Dys-Concordism or Dyscordism?

Concordism has become a four letter word in exegesis. It means, in the negative sense, reading scientific knowledge into Scripture where cannot be found. We have discussed here many times before (Concordism and Genesis 1-2).

For example, some have argued that Genesis gives information about the Big Bang and other scientific findings. This seems to be incorrect. It could not have been the author’s intent. This is eisegesis.

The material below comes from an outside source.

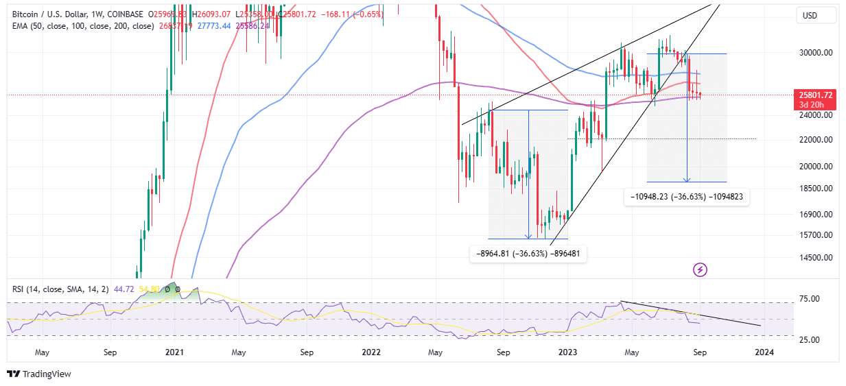 Losing support at $30,000 marked a bearish turning point which was greatly underestimated by analysts and investors. In addition to putting an end to the bullish technical outlook that had propelled the price of Bitcoin to $32,000 in June, the breakdown confirmed a critical rising wedge pattern.

At the same time, I’m seeing an opposite problem. Some seem to read scientific claims into Scripture, in order to say that Scripture is in scientific error. For example, William Lane Craig calls out both Walton and Denis L. for reading geocentrism into Scripture (William Lane Craig On The Babylonian World Map). Similar claims are that raqai must have meant a solid dome. However it is not clear if Genesis is making these claims at all. It seems far more reasonable to read it phenomenologically (by ordinary perception), without any claims about cosmology (A Telling in Six Ordinary Days). This also is eisegesis, but of a different sort.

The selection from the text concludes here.